You might not realize it from my blog, but my undergraduate work was not in economics, public policy or statistics. I did my undergraduate work in American History. I primarily studied the history of race and slavery in America. I did my undergraduate thesis on Coalition Politics and Civil Rights in Atlanta, Georgia.
Consequently, my early support for Barack Obama for President (which began precisely one minute after he walked off the convention stage in 2004) was derived from my deep seated belief that an African-American President could both unite the narrative of America with the narrative of Black America and provide incentives to African-Americans to embrace the American system as efficacious. Thus, the election of a Black president could at once affect white America's attitude toward the socioeconomic disadvantage of blacks and black America's attitude that they had no role to play in the American dream. In other words, that the election of a black President would mean that the bootstrapping American dream was finally approaching reality.

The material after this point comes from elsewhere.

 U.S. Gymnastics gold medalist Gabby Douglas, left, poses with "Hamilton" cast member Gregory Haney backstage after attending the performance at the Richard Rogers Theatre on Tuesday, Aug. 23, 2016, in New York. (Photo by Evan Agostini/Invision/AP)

The libertarian argument to this would be that it should not take the election of a black President for blacks to finally embrace the American dream. This argument can be dismissed with a simple rhetorical question. Put yourself in the shoes of an inner-city impoverished black student in a southern city (where a majority of black Americans live). What possible reason do they have to believe that they can achieve according to their ability and work ethic. They are surrounded by parents whose parents lived in the same housing projects and went to the same shit schools. The only African-American elected officials were elected from majority black districts. What evidence is there to believe that the opposite is possible?

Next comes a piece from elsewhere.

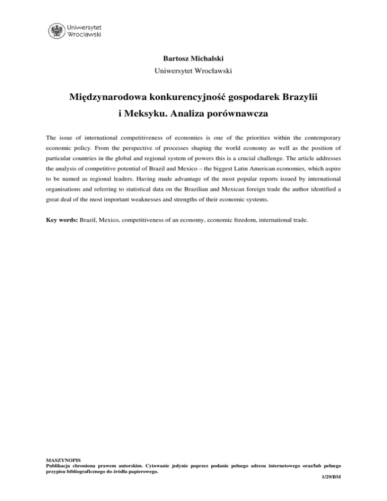 Bartosz Michalski Uniwersytet Wrocławski Międzynarodowa konkurencyjność gospodarek Brazylii i Meksyku. Analiza porównawcza The issue of international competitiveness of economies is one of the priorities within the contemporary economic policy. From the perspective of processes shaping the world economy as well as the position of particular countries in the global and regional system of powers this is a crucial challenge. The article addresses the analysis of competitive potential of Brazil and Mexico – the biggest Latin American economies, which aspire to be named as regional leaders. Having made advantage of the most popular reports issued by international organisations and referring to statistical data on the Brazilian and Mexican foreign trade the author identified a great deal of the most important weaknesses and strengths of their economic systems. Key words: Brazil, Mexico, competitiveness of an economy, economic freedom, international trade. MASZYNOPIS Publikacja chroniona prawem autorskim. Cytowanie jedynie poprzez podanie pełnego adresu internetowego oraz/lub pełnego przypisu bibliograficznego do źródła papierowego. 1/29/BM Wprowadzenie Pierwsza dekada XXI wieku była okresem, w którym stopniowo zarysowało się rosnące polityczno-gospodarcze znaczenie państw tzw. Południa 1 . To przesunięcie w globalnym układzie sił sprawia, że warto przy tej okazji przyjrzeć się stricte ekonomicznym uwarunkowaniom tych procesów, uwzględniając w szczególności problematykę międzynarodowej konkurencyjności gospodarek latynoamerykańskich regionalnych liderów – Brazylii i Meksyku – by w ten sposób umożliwić kompleksową ocenę perspektyw dalszego rozwoju wspomnianych trendów. Celem artykułu jest zatem przeprowadzenie analizy porównawczej potencjału konkurencyjnego tych dwóch wspomnianych krajów. Autor wykorzystał w pracy schemat analityczny stosowany w raportach wybranych organizacji międzynarodowych, które zajmują się zarówno zagadnieniem konkurencyjności gospodarek, jak i zjawiskami (procesami) z nimi powiązanymi2. Ostatnia część to z kolei obliczenia własne na podstawie danych Światowej Organizacji Handlu (WTO) oraz Organizacji Narodów Zjednoczonych. Posiadanie konkurencyjnej gospodarki jest współcześnie niezwykle istotną kwestią. Warunkiem koniecznym jest tutaj określenie, co konkurencyjność determinuje (w znaczeniu konkurencyjności czynnikowej oraz systemowej3) oraz jak te atuty oceniane są z perspektywy środowisk biznesowych i świata nauki. Konfrontacja strategicznej wizji politycznej z interesami zarówno krajowych, jak i międzynarodowych przedsiębiorstw pozwala z jednej strony odpowiednio wcześnie skorygować przyjęty kierunek reform, z drugiej zaś utrwalać silne strony i identyfikować słabe. 1 W tym kontekście można użyć zyskującego międzynarodową popularność akronimu BRIC. Autor ma tutaj na myśli kwestię swobody prowadzenia działalności gospodarczej, zakres wolności inwestycyjnej, atrakcyjność inwestycyjną, poziom korupcji itp. 3 Zob. m..in. J. Misala, Istota i znaczenie wykorzystania przewag komparatywnych w rozwoju gospodarczym oraz metody ich analizy, [w:] Teoria i polityka wzrostu gospodarczego – osiągnięcia i doświadczenia, red. J. Misala, CeDeWu, Warszawa 2010, s. 17 i nast. Warto ponadto sięgnąć do A. Wziątek-Kubiak, Międzynarodowa specjalizacja a konkurencyjność, „Ekonomista” nr 4/2001, E.M. Pluciński, Konkurencyjność strukturalna polskiej gospodarki na wspólnym rynku Unii Europejskiej, Instytut Stosunków Międzynarodowych Uniwersytetu Warszawskiego, Warszawa 2005, s. 28 i nast., W. Bieńkowski, Studies on national competitiveness at the time of globalization and economic integration; some critical remarks on the issues, „Optimum – Studia Ekonomiczne” nr 1(33)/2007, A. Lipowski, Some fallacies in the interpretation of competitiveness, „Optimum – Studia Ekonomiczne” nr 3(35)/2007, Kompendium wiedzy o konkurencyjności, red. M. Gorynia, E. Łaźniewska, PWN, Warszawa 2009, J. Misala, Międzynarodowa konkurencyjność gospodarki narodowej, PWE, Warszawa 2011. 2 MASZYNOPIS Publikacja chroniona prawem autorskim. Cytowanie jedynie poprzez podanie pełnego adresu internetowego oraz/lub pełnego przypisu bibliograficznego do źródła papierowego. 2/29/BM Kształtowanie międzynarodowej konkurencyjności4 gospodarki stanowi w większości krajów jeden z priorytetowych celów narodowej polityki gospodarczej, stąd zasadnym jest wskazać określone czynniki wewnętrzne, jak i zewnętrzne, które w największym stopniu determinują sytuację w wybranych do analizy krajach. Zastrzec jednocześnie należy, że zawarte w tym opracowaniu rozważania stanowią jedynie pewien syntetyczny wycinek wiedzy. Uwagi metodologiczne Ocena międzynarodowej konkurencyjności gospodarki wymaga zastosowania ścisłego aparatu pojęciowego 5 . Kluczowym elementem jest tutaj zdefiniowanie samego pojęcia konkurencyjności. Powszechnie przyjmuje się dwa sposoby jej rozumienia – jako zdolności konkurencyjnej (tzw. konkurencyjności czynnikowej) oraz pozycji konkurencyjnej (tzw. konkurencyjności wynikowej). Zaprezentowane w toku poniższych rozważań rankingi odwołują się bezpośrednio lub pośrednio do tych dwóch kategorii (choć większy nacisk kładzie się zwykle na tę pierwszą). Zasadniczo można przyjąć, że międzynarodowa konkurencyjność gospodarki jest wielowymiarową cechą, na którą składają się określone zdolności. Są nimi: • zdolność do przyciągania mobilnych czynników produkcji (ang. ability to attract; chodzi tu o przyciąganie kapitału, który wspiera dynamikę wzrostu i rozwoju gospodarczego, m.in. poprzez zaawansowane technologie, oraz przyciąganie do kraju lub zatrzymywanie w kraju wysoko wykwalifikowanych specjalistów), • zdolność do sprzedawania (ang. ability to sell; rozumiana jest ona zarówno w kategoriach ilościowych, jak i

Wouldn't it be a beautiful thing if the narratives of black America and white America finally converged. Wouldn't it be wonderful if we finally became the nation that won the Cold War and World War II and oppressed an entire race of people in the forms of slavery and segregation. We are the nation of John Coltrane and Johnny Cash. We are the nation of Martin Luther King Jr. and Ronald Reagan; of Jay-Z and Garth Brooks; of Michael Jordan and Johnny Unitas; of inner-city slums and white picket fences; of The Wire and 24. This is the true definition of America.
We have always been capable of awesome accomplishments and nasty ugliness. We are the nation that won the Civil War, put a man on the moon, stormed the beach at Normandy, and outlasted the soviets. Now, we are the nation that elected Barack Obama. Hopefully he will live up to his promise, but his election is cause to reflect on our story.
We live in a great country - be proud of it.